Context : Custodial Deaths Persist Despite Safeguards

Between 2020 and 2023, India reported 462 custodial deaths (NHRC data). Tamil Nadu ranks among the top five states in reported incidents, highlighting systemic issues despite constitutional and legal protections (e.g., Article 21, D.K. Basu Guidelines).

Relevance : GS 2(Social Justice , Governance, Constitution )

Practice Question : Despite judicial directives and constitutional safeguards, custodial violence remains pervasive in India. Examine the structural and cultural causes behind this persistence. Suggest institutional and legislative reforms to ensure accountability and prevent custodial deaths.(250 Words)

Recent Shocking Cases in Tamil Nadu

  • Ajith Kumar (2025): 44 wounds, cigarette burns, and forced narcotics—suggestive of extreme torture.
    • Vignesh (2022): Autopsy revealed multiple injuries.
    • Raja (2024): Dalit man died after being accused of theft.
    • These are not aberrations but indicators of a pattern of impunity and normalisation of excessive force.

Budgetary Skew in Police Modernisation

Tamil Nadu allocated over ₹9,300 crore for police in FY 2024–25. However, <1% goes to mental health, training, or ethics reform. Majority is spent on vehicles, surveillance, and weapons—a deterrence-heavy model with little investment in human-centric policing.

Mental Health Crisis in Policing

Indian police work under extreme stress: low officer–population ratio (152/1 lakh people vs. UN norm of 222), long hours, and constant exposure to violence. Yet, India lacks institutionalised mental health support, leading to burnout and brutality.

Lack of Accountability and Oversight

In 2022–23, out of hundreds of custodial deaths, only 3 resulted in convictions (NCRB). Post-incident suspensions or transfers rarely lead to justice. There’s an urgent need for legally binding accountability mechanisms, not ad-hoc administrative action.

Non-functional CCTV Cameras Undermine Reforms

Despite Supreme Court orders (Paramvir Singh Saini v. Union of India, 2020), CCTV coverage in police custody areas remains patchy, with poor auditing and high camera downtime, undermining transparency.

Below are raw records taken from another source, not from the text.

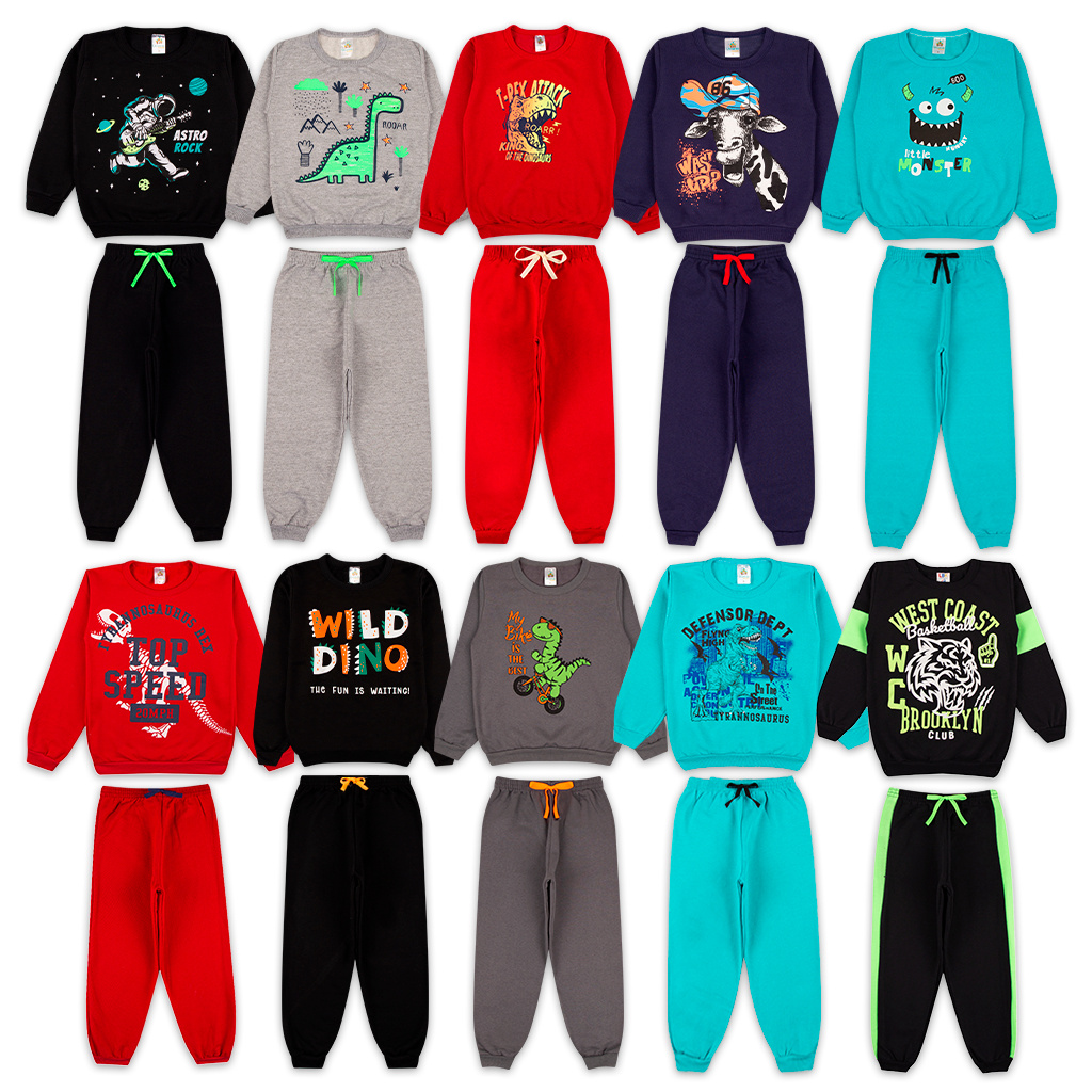 Calça moletom infantil clearance masculina barata, Kit Sortido 10 Pe as de Roupas Masculino Infantil Inverno 5 blusas casacos 5 cal as de 1 ao 10 Promo o Kit 5 Conjuntos Moletom Infantil clearance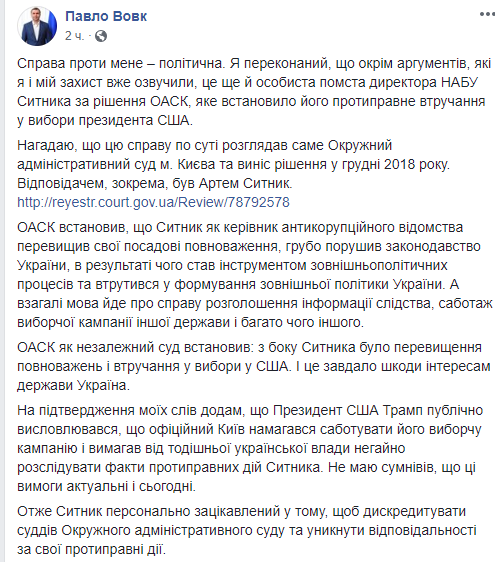 "Справа проти мене – політична. Я переконаний, що окрім аргументів, які я і мій захист вже озвучили, це ще й особиста помста директора НАБУ Ситника за рішення ОАСК, яке встановило його протиправне втручання у вибори президента США. Нагадаю, що цю справу по суті розглядав саме Окружний адміністративний суд м. Києва та виніс рішення у грудні 2018 року. Відповідачем, зокрема, був Артем Ситник", - зазначив Вовк.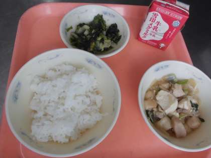 『ほうれん草とはくさいのごま煮』の「はくさい」は,冬に美味しくなる野菜です。白菜のあま味やおいしさを味わって食べました。今日の給食では,けずりぶしでとった出し汁・みりん・醤油で,ほうれん草・はくさいを煮,最後にすりごまを加えて仕上げました。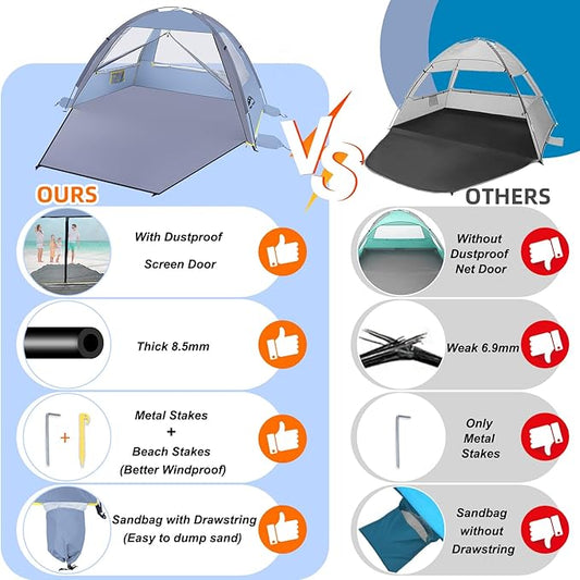 Venustas Beach Tent Sun Shelter for 3-10 Person, UPF 50+ UV Protection Canopy, Lightweight and Easy Setup Cabana, Portable Beach Shade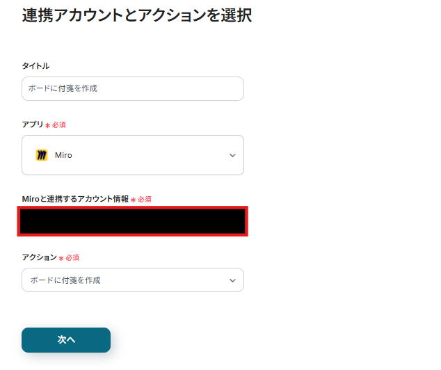 連携アカウントとアクションを選択する画面が表示されるので、今回連携するMiroのアカウントを確認し「次へ」をクリックします。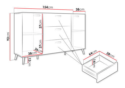 Komoda je idealan izbor za one koji traže udobnost i stil. Dnevna komoda Rostiw 150 2D3SZ savršeno je rješenje za svaki interijer. Odlično će poslužiti u dnevnom boravku kao elegantan dizajnerski akcent, u spavaćoj sobi kao funkcionalan prostor za pohranu odjeće, a u predsoblju će pomoći organizirati obuću i dodatke. Sjajne fronte i zlatni detalji daju komodi na nogicama izvanredan izgled. Prostrane ladice idealno su mjesto za sitnice koje vrijedi imati pri ruci, ali ne moraju biti na vidiku – dokumenti, dodaci ili tekstil naći će u njima svoje mjesto. Dva zaključana ormarića pružaju dodatni prostor za veće predmete. Tako oblikovan interijer komode pomaže održavati red u kućanstvu. Dimenzije: širina: 154 cm visina: 92 cm dubina: 38 cm. Izvedba: korpus i prednji dio: 16 mm debela iverica ABS rub stražnja ploča od HDF-a noge i ručke: zlatna plastika kuglične vodilice. Jamstvo: 24 mjeseca.
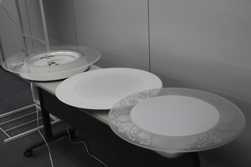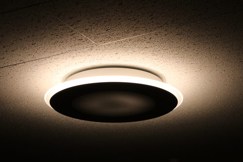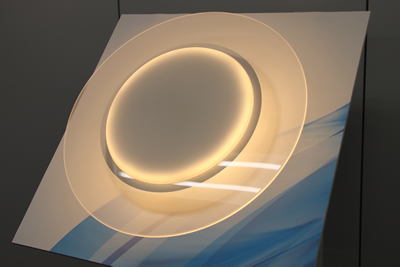 独自構造のLED発光部と導光クリアパネルの二つの発光部を搭載し、それぞれの点灯と消灯の組み合わせによって多彩な配光切り替えを実現した。デザインバリエーションは3種類。スタンダードモデルは、上下左右に光が広がり、部屋が広く感じられるように設計。点灯してから照らし方をリモコンで調節すると、パネルが宙に浮いているように見える。消灯時はインテリアに溶け込むようデザインした。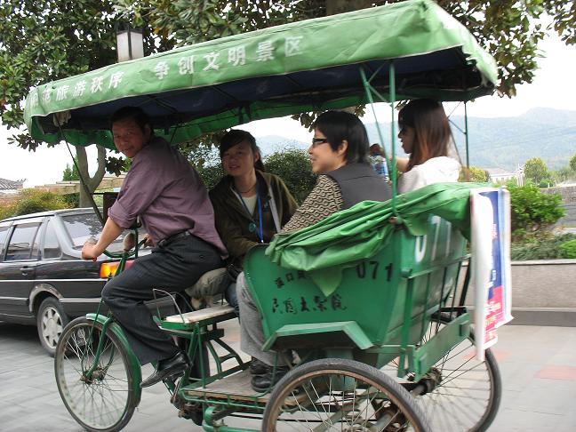 Много велорикш. Впервые за всё время в Китае покатался на таком. Был трезв и испытывал чувство неловкости за эксплуатацию человека человеком. Рикша кряхтел, крутя педали, и всё оглядывался. Потом сказал, что легче трёх китайцев возить, чем меня одного.

Outdated Police Training Curriculum

Current training focuses on law and order, with little emphasis on ethics, trauma-informed investigation, community policing, or human rights jurisprudence. Modernising the syllabus is essential to align policing with democratic values.

Need for a Comprehensive Anti-Custodial Torture Law

India is not a signatory to the UN Convention Against Torture, and custodial violence remains under-legislated. A proposed law must include:

  • Time-bound magisterial probe,
    • Mandatory video recording of interrogations,
    • Civilian oversight boards,
    • Strict compensation and penal provisions.

Structural Discrimination and Marginalisation

Dalits, Adivasis, and poor working-class youth form a disproportionate share of custodial torture victims, reflecting embedded social hierarchies in law enforcement.

Justice Must Be Preventive, Not Post-Mortem

Ajith Kumar’s last words — “I didn’t steal” — underscore the moral failure of the State. Reform must go beyond symbolism: invest in counselling, real-time monitoring, legislative overhaul, and empathy-driven policing.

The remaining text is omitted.